Thursday, February 14, 2013

Recipe & Rating: Lazy Bear


I first heard of the Lazy Bear only recently from Frederic Yarm of the Cocktail Virgin Slut.   Fred in turn got this recipe from Jacob Grier, one of perhaps the greatest bartenders on the west coast and also, in my opinion, one of the greatest cocktail writers in the world.

The Lazy Bear was originally crafted by Grier specifically to be served at his friend's wedding.  Lovely!

This drink uses one of my favorite combinations: whiskey and lime juice.  A more bird's eye glance at the recipe will quickly indicate, whether Grier intended or not, that this is a tiki drink.  And because it is Tiki Month, the yearly tiki celebration hosted by the legendary Doug Winship, my timing is perfect.

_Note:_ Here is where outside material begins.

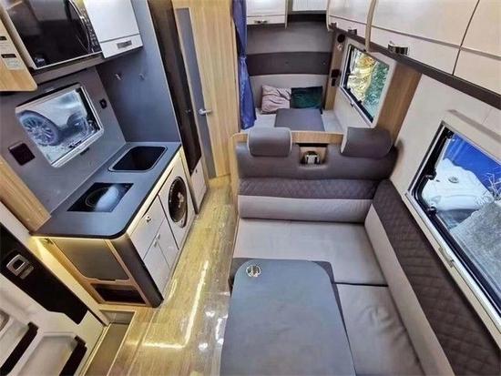 会客区采用了L型卡座+可升降式餐桌的搭配,可供多人休闲娱乐使用,可以临时组合成床,增加了内部睡眠空间,会客区上方搭载了多组储物吊柜,满足储物需求。
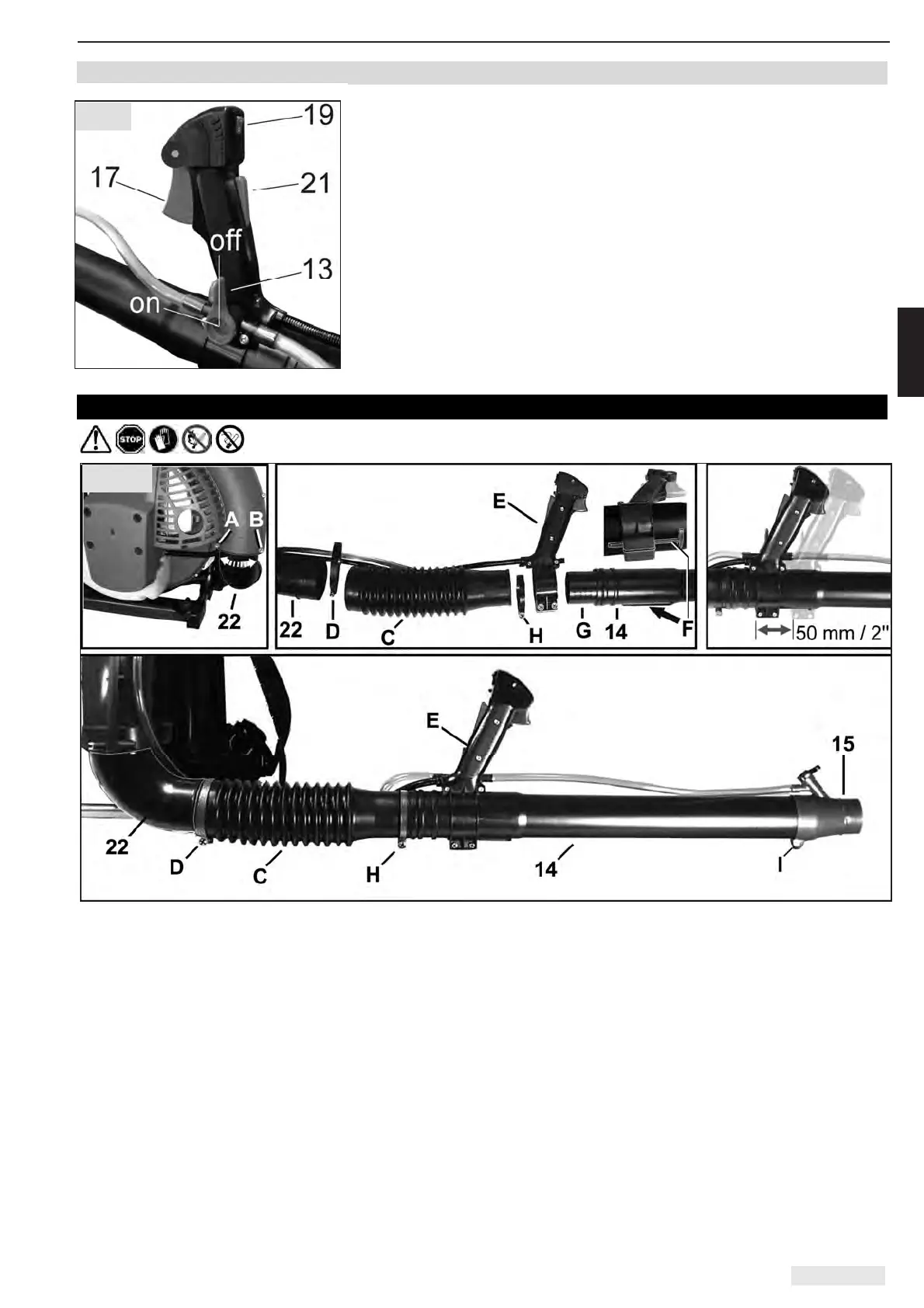 can swivel easily. Push pleated hose (C) onto blower elbow (22) and secure with clamp (D).

Below are the recipe and ingredients I used.




Lazy Bear

3/4 oz Jamaican rum (George Bowman aged small batch rum)
3/4 oz rye whiskey (George Dickel Rye)
3/4 oz lime juice
3/4 oz honey syrup (1:1 clover honey)
3 dashes spiced bitters (equal parts Angostura Bitters and allspice dram[this recipe])

Shake with ice and strain into a rocks glass(tiki mug?) filled with ice. Add a straw.

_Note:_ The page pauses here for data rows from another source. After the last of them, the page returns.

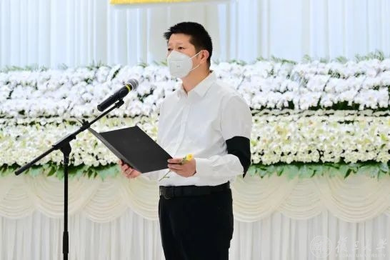 复旦大学党委常务副书记裘新在告别仪式上介绍社会各界哀悼、关心、慰问情况。党委常务副书记周亚明宣读王威琪同志生平。副校长汪源源主持告别仪式。
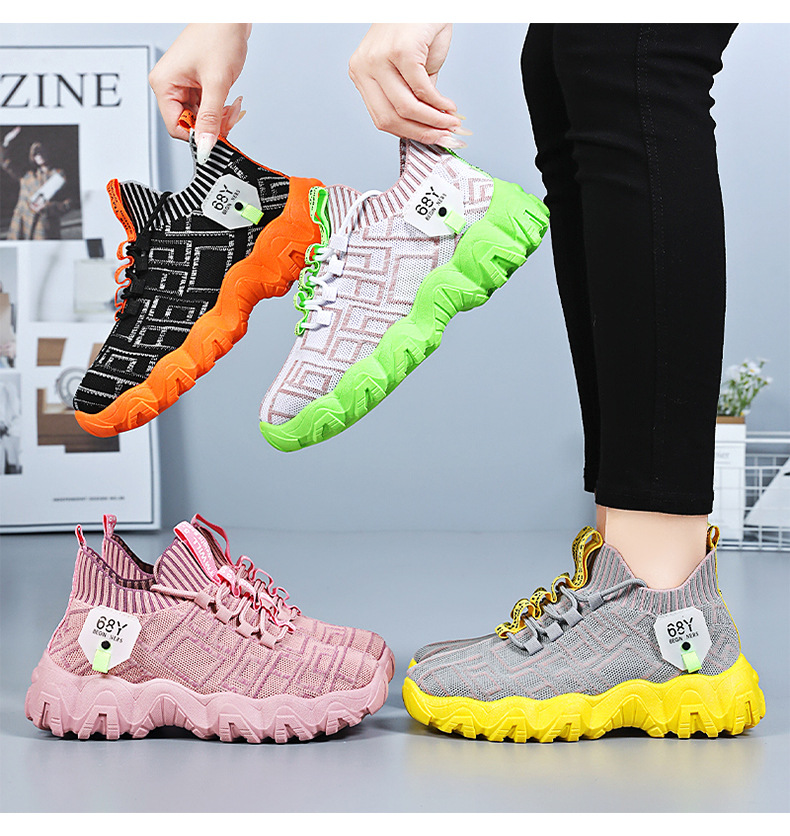 跨境运动鞋女夏季新款透气网面一脚蹬懒人椰子鞋外贸飞织袜子鞋
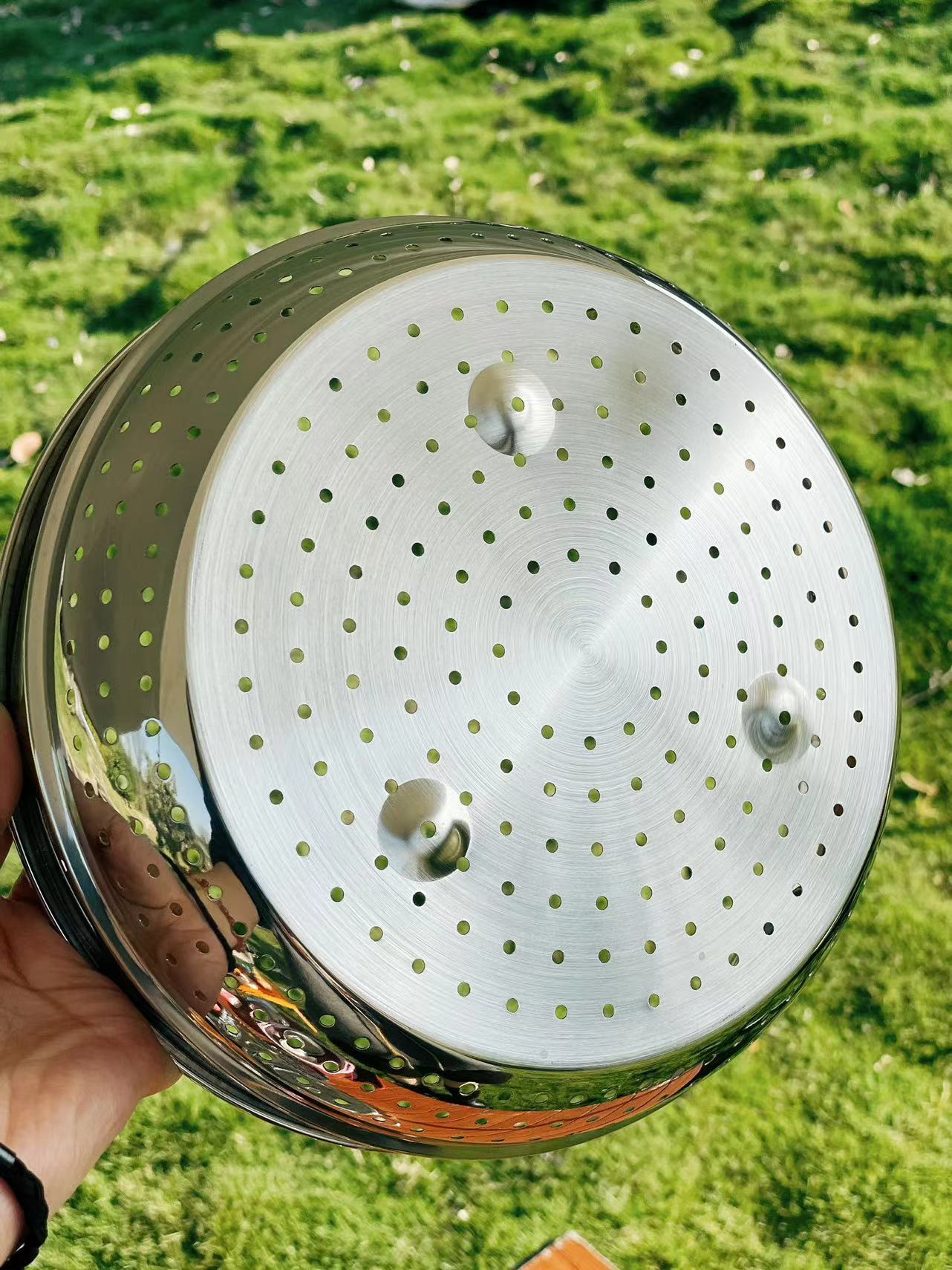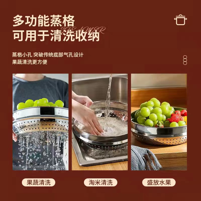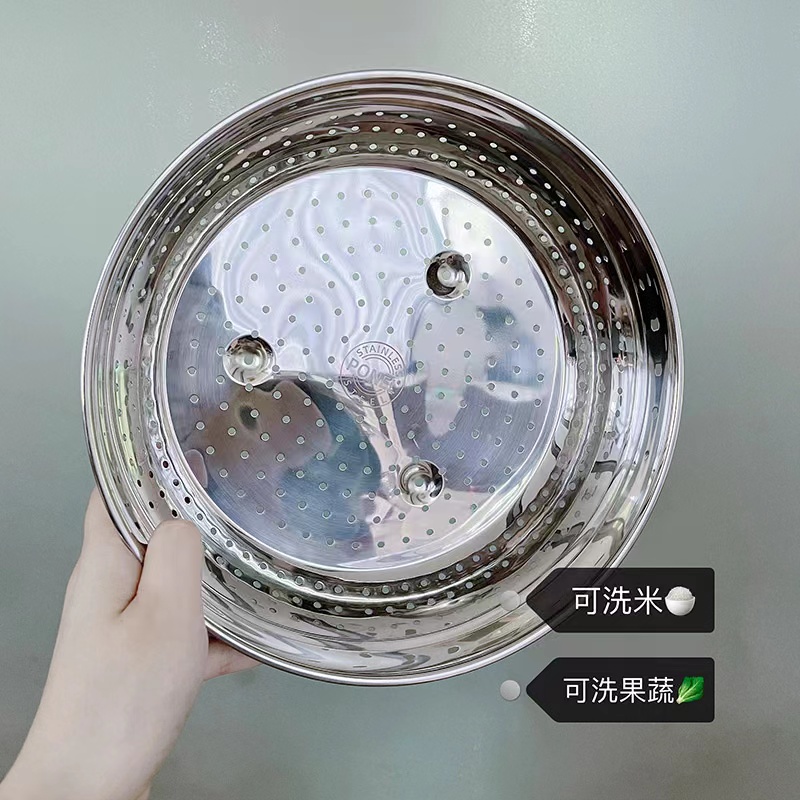 ✅配套的蒸格,它的孔眼较细,可以用来淘米洗菜洗水果
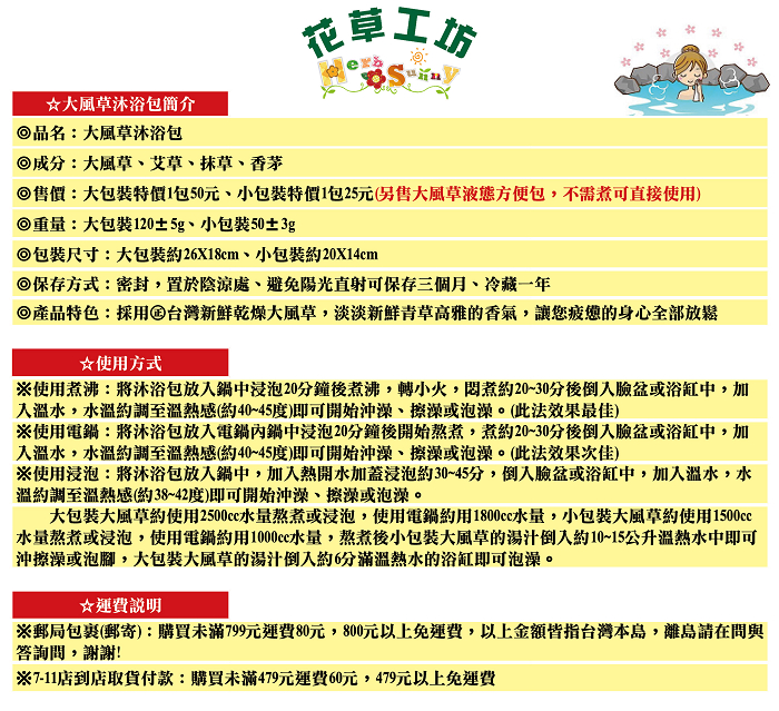 ★優惠方案可與抹草沐浴包一起搭配,超值100分!!

I had a hard time articulating my thoughts on this drink, so instead of thick prose I'm going to give my impressions in bullet points:

-One of the few tiki drinks which is almost completely spicy and not fruity
-The two aged spirits combined with the bitters' tannins to provide a dry and woody backbone
-Lime juice here operates mostly to lend its sourness and not flavor, as its flavor is mostly dashed by all the other assertive ingredients
-Dry and sour overall, refreshing
-Earthiness provided by rye and pimento dram
-Herbal sweetness provided by dram and honey
-Sweet funkiness provided by honey and rum
-Dry spiciness provided by dram, rye, and bitters
-Bright lime juice cuts through all the funk, dryness, spice, sugar
-My theory still stands that most of the best tiki drinks use honey

This is one of the best tiki drinks I've ever had, and I don't consider myself a tiki novice.  Make this drink, and thank Jacob Grier.

Rating: 10/10

Sunday, January 20, 2013

Mixology Monday LXIX

This month's Mixology Monday is being hosted by Jordan of Chemistry of the Cocktail.  His blog is one of my favorites currently, which has really gotten into a groove during this last year of 2012.  Do yourself a favor and put his site onto your RSS feed or your weekly rounds.

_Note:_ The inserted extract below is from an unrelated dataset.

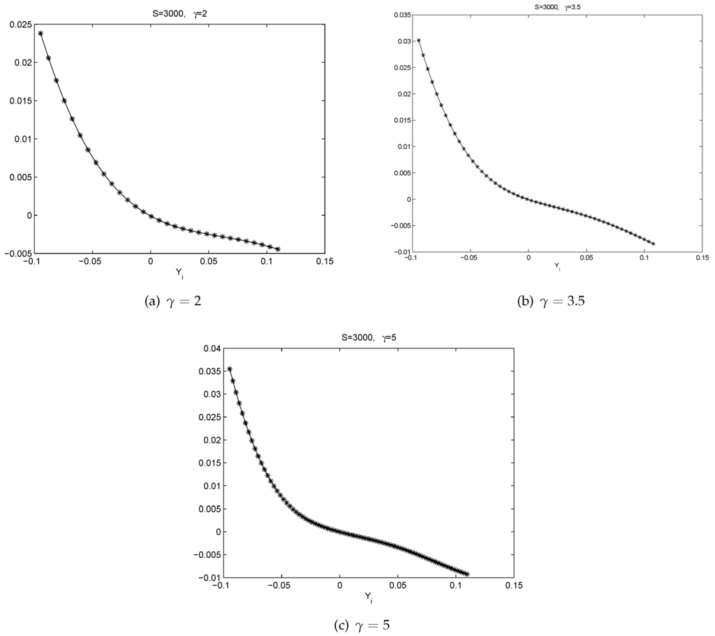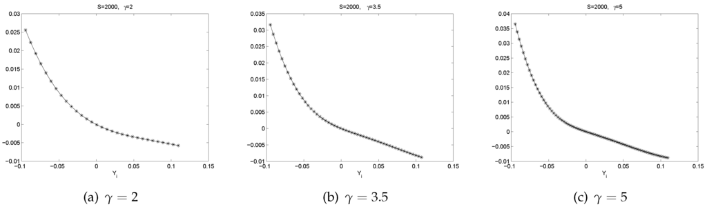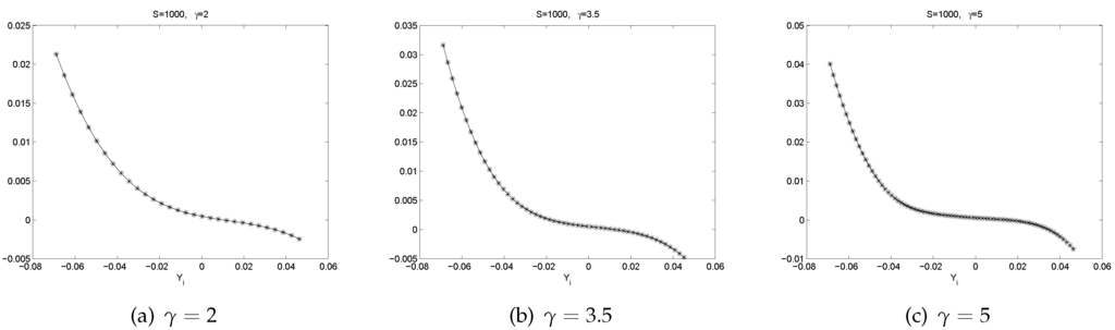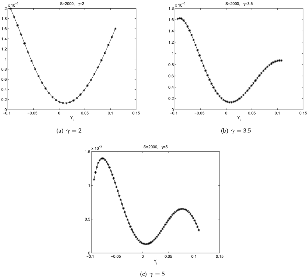 Let be the daily data of S&P500 index where the last date is May 2, 2013, and let be the yield process, i.e., . For each data size S, we choose the bandwidth h to be , where all ’s belong to this set and γ is a chosen positive constant. In what follows, we shall pick different data sizes and different values of γ, and plot the graphs of and .
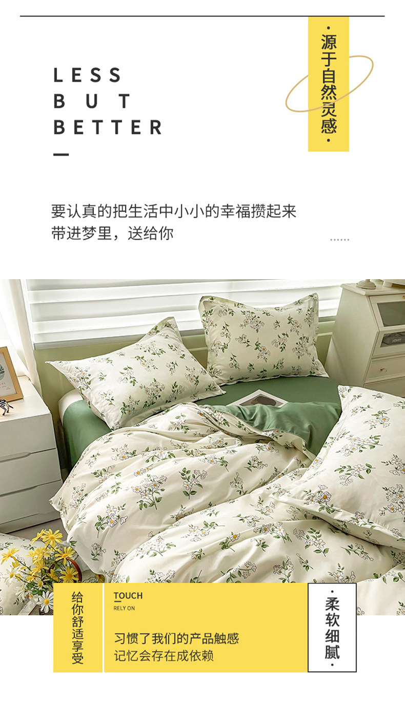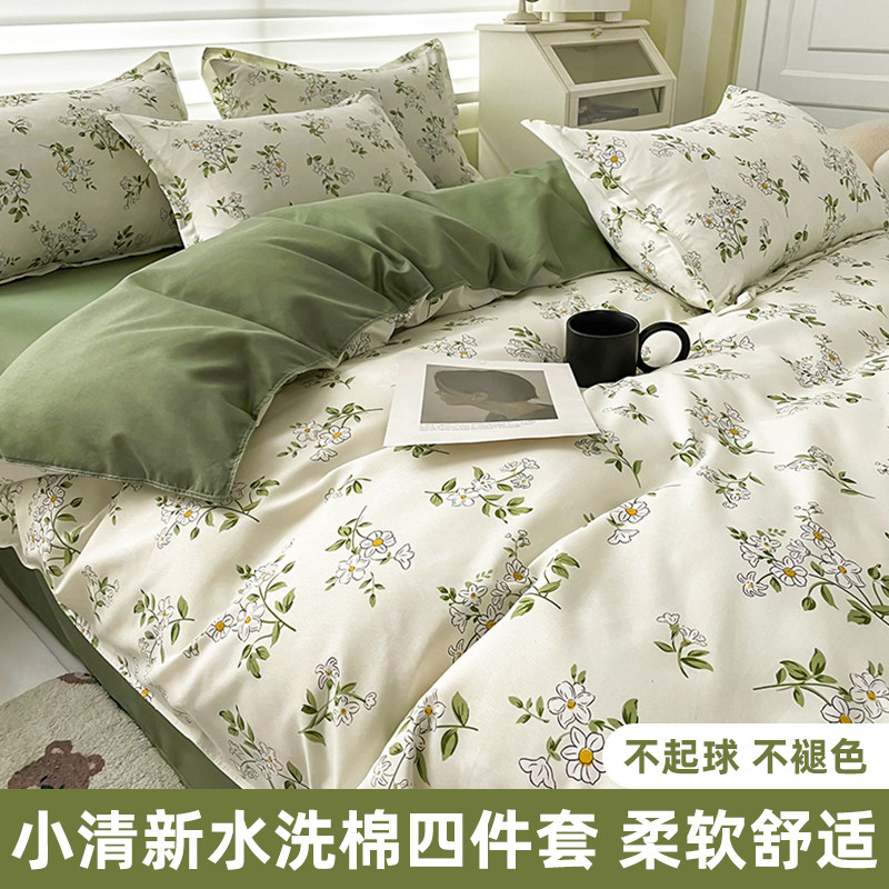 Покрывало, хлопковый комплект, свежая простыня для школьников и студентов, пододеяльник, 4 предмета, постельные принадлежности

Jordan's theme for this month is fortified wines.  Why does he seem to exclude vermouth from this theme?  Probably because vermouth would be too easy.  Either way, I'm up for the challenge.

This is a drink that I created years ago and return to often.  It began, as things do, when I was trying to drain some almost-dead bottles in my playroom.

In creating the drink, I realized that brandy and Madeira go very well together but that it was missing something.  As with many cocktails, it was bitters that it needed to tie the other ingredients together.  Let that be a lesson, if you've not already learned it.


Original Remix



Later That Day

1.5 oz Cognac (or brandy)
1 oz Madeira (substitute Amontillado sherry if you must)
1 dash orange bitters
1 dash simple syrup

Build over ice in an Old Fashioned glass.  No garnish.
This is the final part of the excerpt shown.